> **About this exercise**
Return exactly the lines of the data below, from the one that contains "キールックは、着こなしだけを" through the final line, and leave out every picture.

> **Available data**
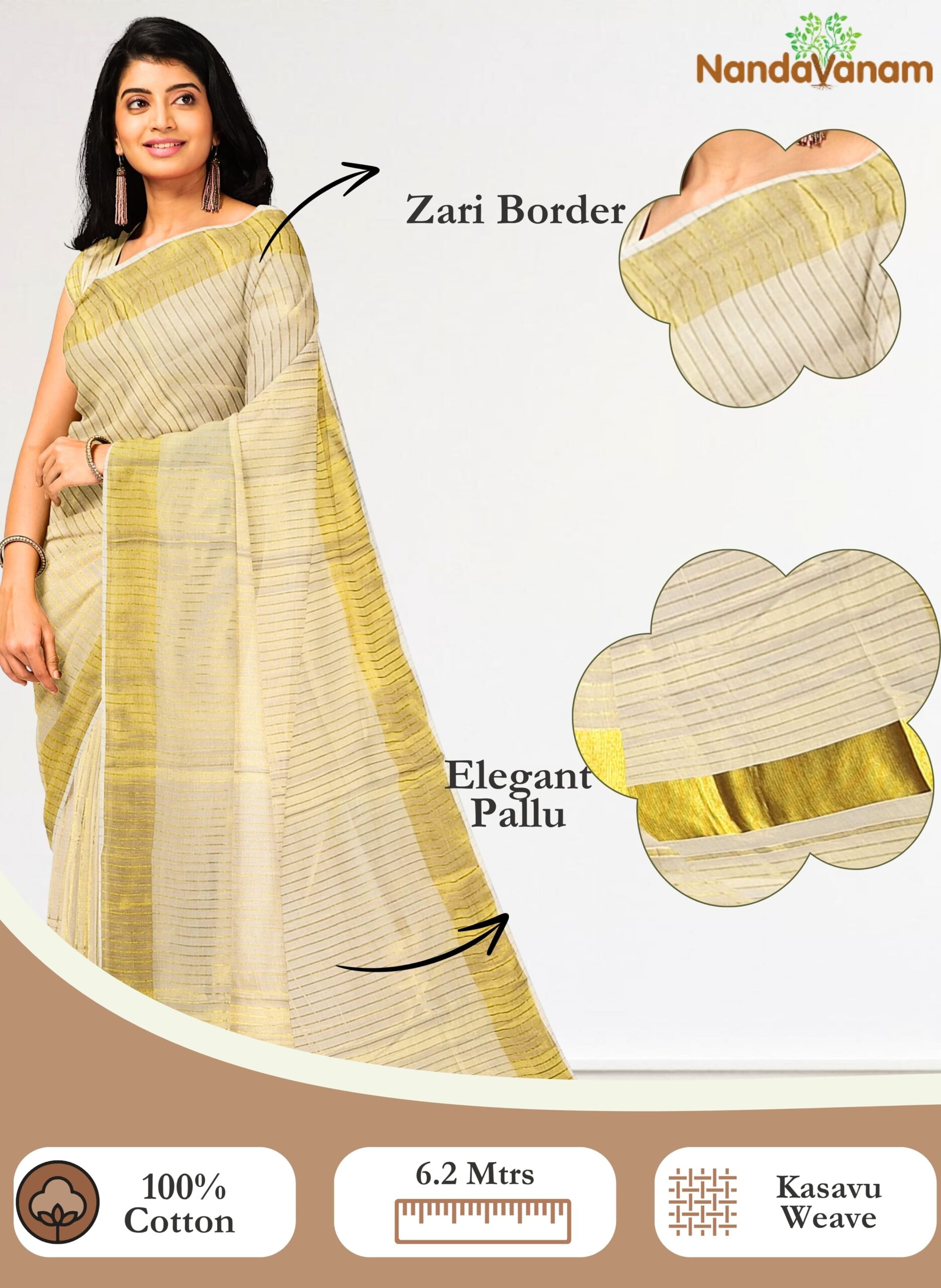 Step into the timeless elegance of Kerala tradition with the NandaVanam Women’s Kerala Kasuvu Sarees. Crafted meticulously, these sarees encapsulate the essence of Kerala’s rich cultural heritage. Woven from premium Kerala cotton, each drape tells a story of tradition and sophistication. The Kerala Kasavu Saree, a symbol of grace and beauty, is intricately designed with delicate kasavu borders, adding a touch of opulence to its simplicity.
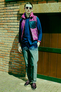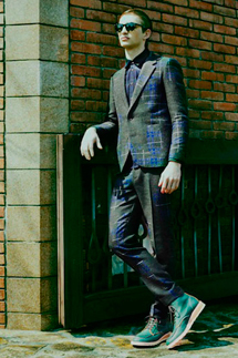 キールックは、着こなしだけを見ると、セットアップにインナーダウンを合わせ、キャップとクラッチバッグにスニーカーという都会に馴染むコーディネイト(下右)ですが、アイテムごとに見ていくと、セットアップはブランケット柄のチェックが部分的にあらわれていて、インナーダウンに見えるベストは中綿の代わりのフェイクファーをオーガンジーでくるみファーが透けて見えます。キャップにはルックの角度からは見えませんが、都市の名前が刺繍されていて、糸が途中からフリンジへと変化しています。スニーカーに見える靴はスニーカーのメッシュやハトメ、ステッチといった柄をレーザー加工で表現しているレザーシューズになっています。普通に見え、見た人に何か違和感を感じ取ってもらえればとコーディネイトしました。
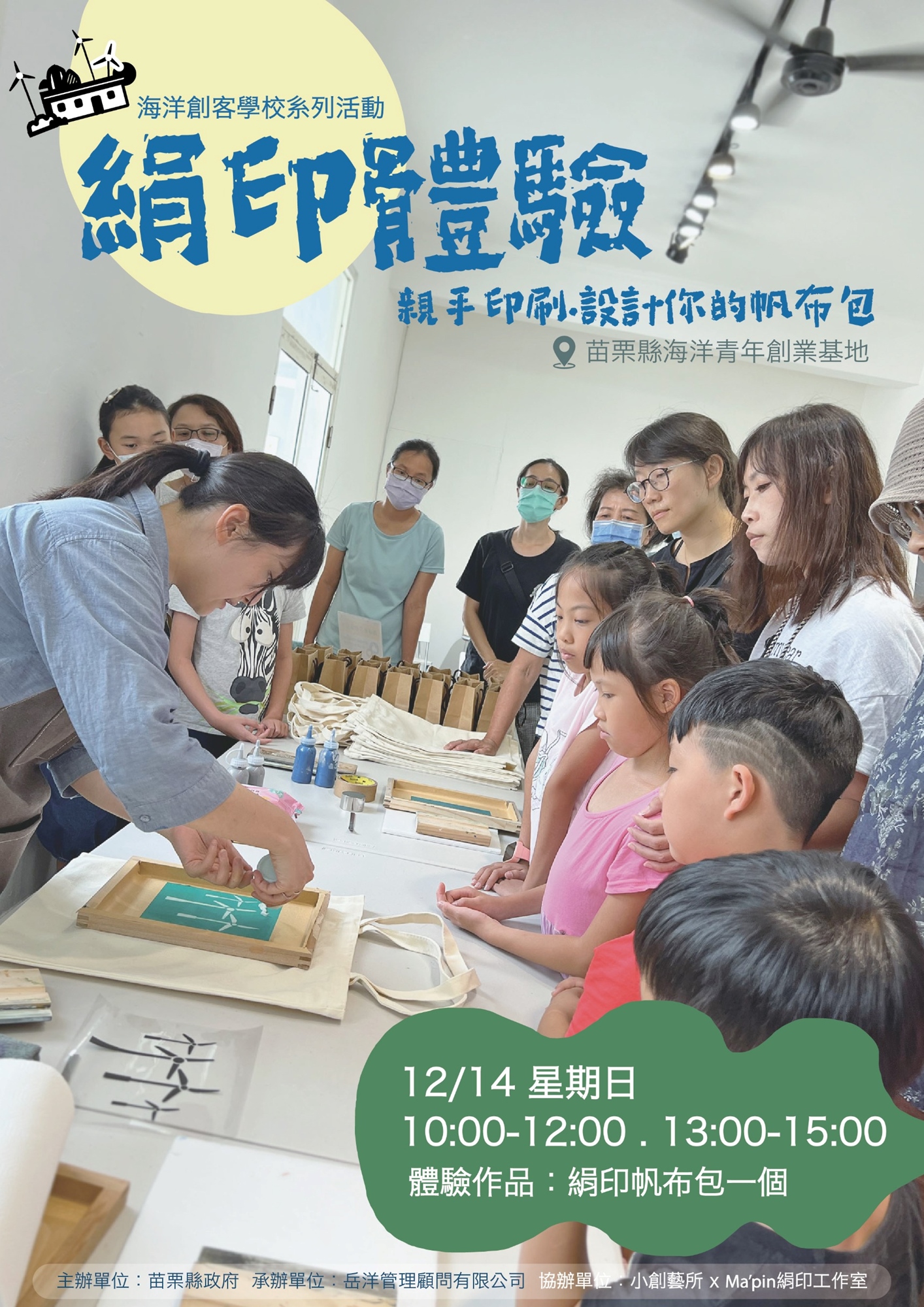 活動名稱: 海洋創客學校系列活動-12/14絹版印刷體驗活動

> **Response to this exercise**
 キールックは、着こなしだけを見ると、セットアップにインナーダウンを合わせ、キャップとクラッチバッグにスニーカーという都会に馴染むコーディネイト(下右)ですが、アイテムごとに見ていくと、セットアップはブランケット柄のチェックが部分的にあらわれていて、インナーダウンに見えるベストは中綿の代わりのフェイクファーをオーガンジーでくるみファーが透けて見えます。キャップにはルックの角度からは見えませんが、都市の名前が刺繍されていて、糸が途中からフリンジへと変化しています。スニーカーに見える靴はスニーカーのメッシュやハトメ、ステッチといった柄をレーザー加工で表現しているレザーシューズになっています。普通に見え、見た人に何か違和感を感じ取ってもらえればとコーディネイトしました。
 活動名稱: 海洋創客學校系列活動-12/14絹版印刷體驗活動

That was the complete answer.